We’ve all been there. You open a book, read the first few lines, and immediately guess the plot from just a few words. As writers, how can we safeguard against astute readers? There is no guaranteed way to write a story that is impossible for readers to figure out, but there are a few tricks to use that can keep them guessing.
The first matter of business is to recognize that everyone is going to come into your story with their personal bias. Without even describing a character, a reader will have their mental picture of how that character looks.
The fun part is, you can use this knowledge to surprise them. Play with clichés, don’t use them. There’s a girl attending a boarding school? The readers might be surprised to find out that she has a very healthy relationship with her family, doesn’t struggle academically, and has no problem making friends. Simply put, play against stereotypes whenever possible. Angsty teenagers, troublesome little boys, and love-struck adults may seem realistic. Still, they leave out all of the angelic, sweet children, the passionate, focused teenagers, and the hard-working, goofy adults. Develop your characters thoroughly and surprise your readers by keeping them fresh and unique.

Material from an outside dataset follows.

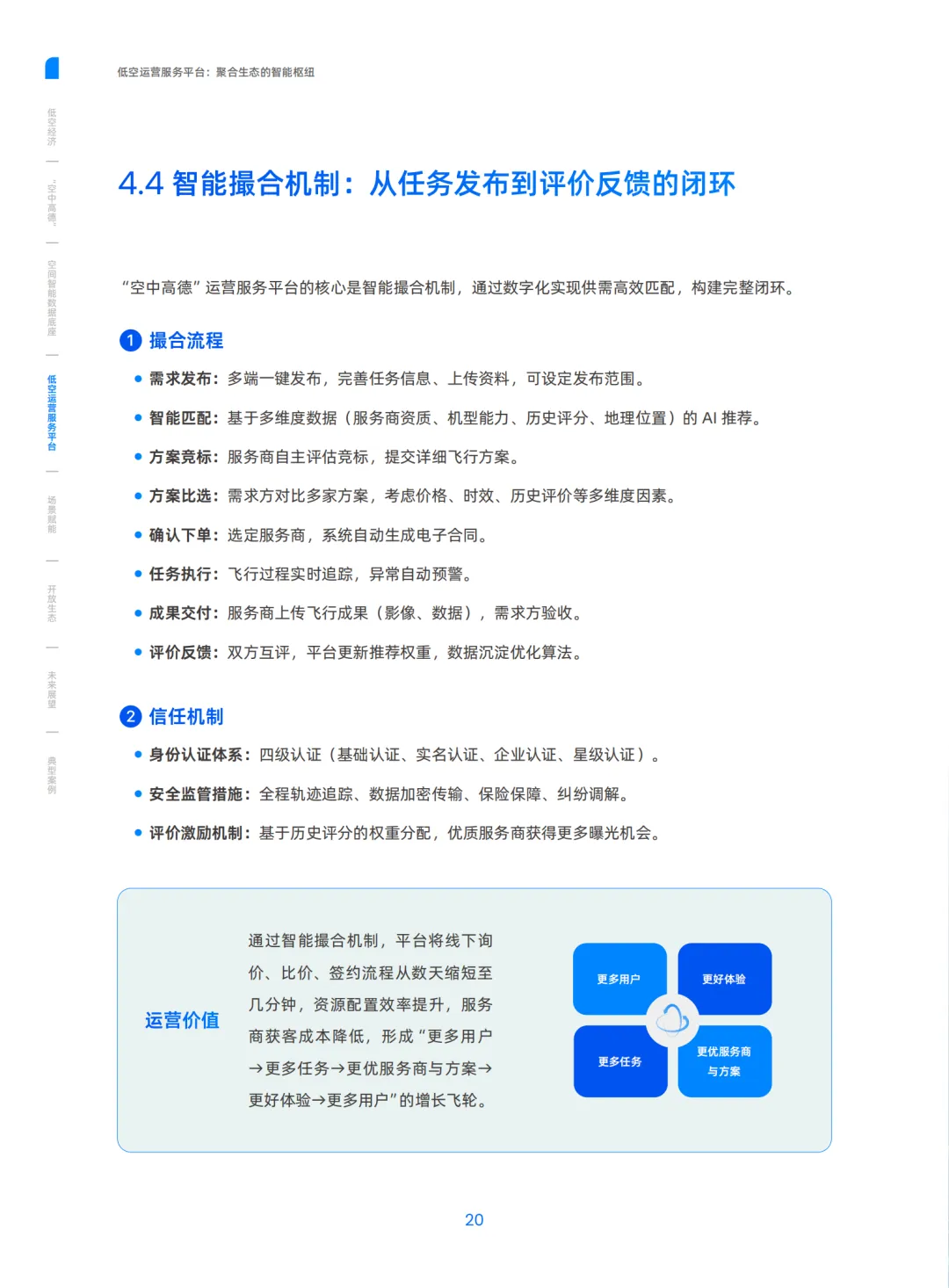 面向政府(低空治理 OS)、企业(低空即服务 LaaS)、个人(低空服务入口)提供全流程服务,通过智能撮合实现供需闭环,提升运营效率。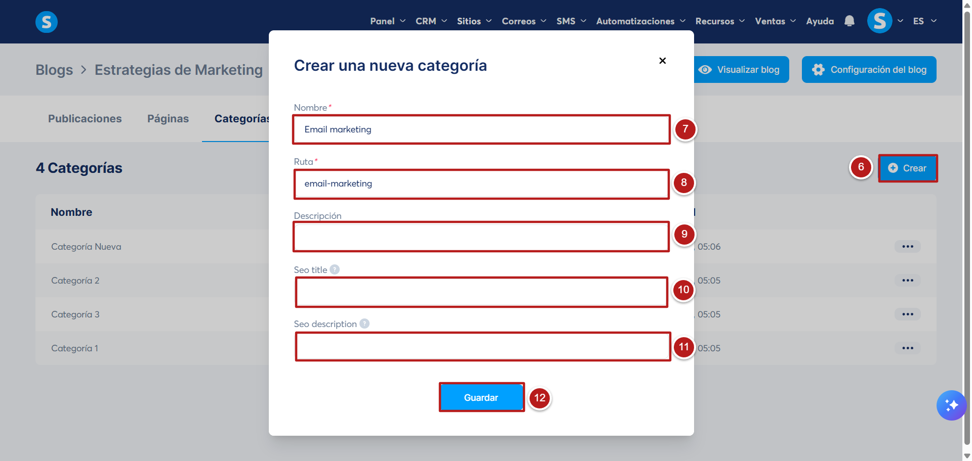 - Guardar (12): Haz clic en este botón para guardar y crear la nueva categoría.

A great way to keep the readers guessing is to have the protagonist discover the truth along with the reader. It’s comparable to the difference between anonymous car insurance quotes and those obtained by offering all your personal information upfront. The absence of details leads to assumptions that differ from those resulting from all the facts being laid out from the start. If the characters don’t know what’s coming, it’s a lot harder for the readers to figure it out too. What’s more, it feeds into the need for the reader to see eye-to-eye with the protagonist. Even if the protagonist is flawed, readers yearn for a connection. What better way than to synchronize their perception of events as they unfold.

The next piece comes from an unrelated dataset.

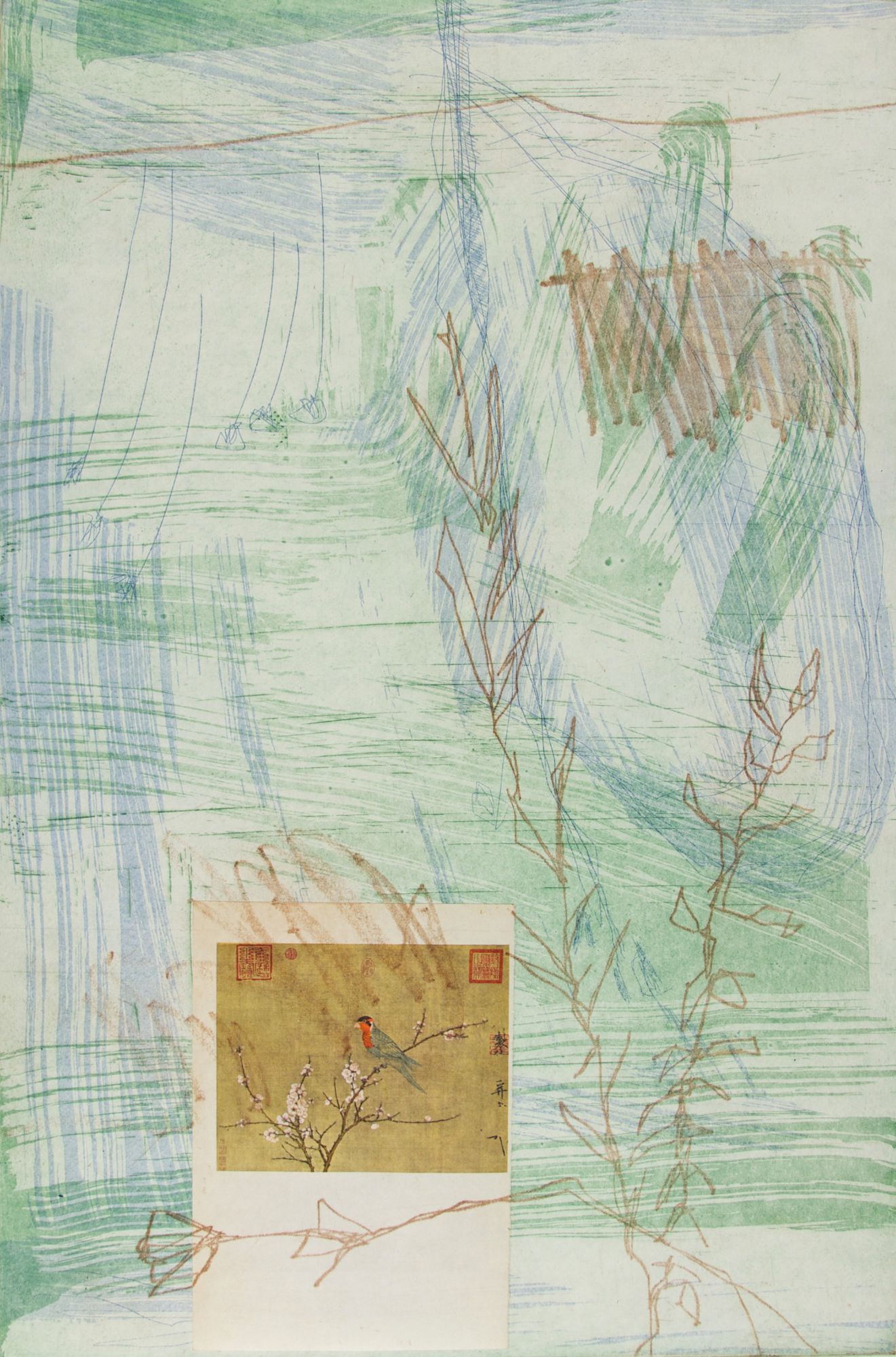 multi-plate, intaglio monoprint with chin-collé. Print size 18 x 12 in, paper size 22 x 15 in.
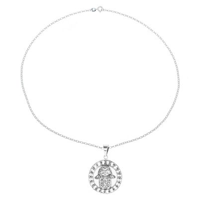 This sterling silver pendant necklace features the symbol of Hamsa, a decorated open palm believed to be protection from the evil eye. Bhavya Jain designs this handcrafted pendant with the Hamsa symbol encircled by a ring of swirls.

You have great characters, and you have a great plot, but how can you draw it out? The next step to surprising your readers is in the reveal. Don’t overdo the description in the beginning. The reader doesn’t have to know hair color, eye color, height, and quirks of any character to understand their essence. Pace out your revelations and descriptions. Maybe the readers don’t know it’s a boarding school until the third chapter, and that changes everything. Perhaps the readers think the characters are friends until they realize one of them is imaginary. The key is to explain enough so the reader doesn’t feel lost or lied to but leave enough fun surprises that will keep the reader guessing.
As mentioned, there is no perfect way to achieve this goal. The main thing you want to avoid is insulting the reader’s intelligence. Instead of making a simple revelation seem like a crazy plot twist, try playing with stereotypes, pacing out the description, and keeping the main character just as in the dark as the readers. Rather than adding a surprise every chapter, slowly build up to one massive revelation that will shock the readers. The trick is to take it slow and be thorough.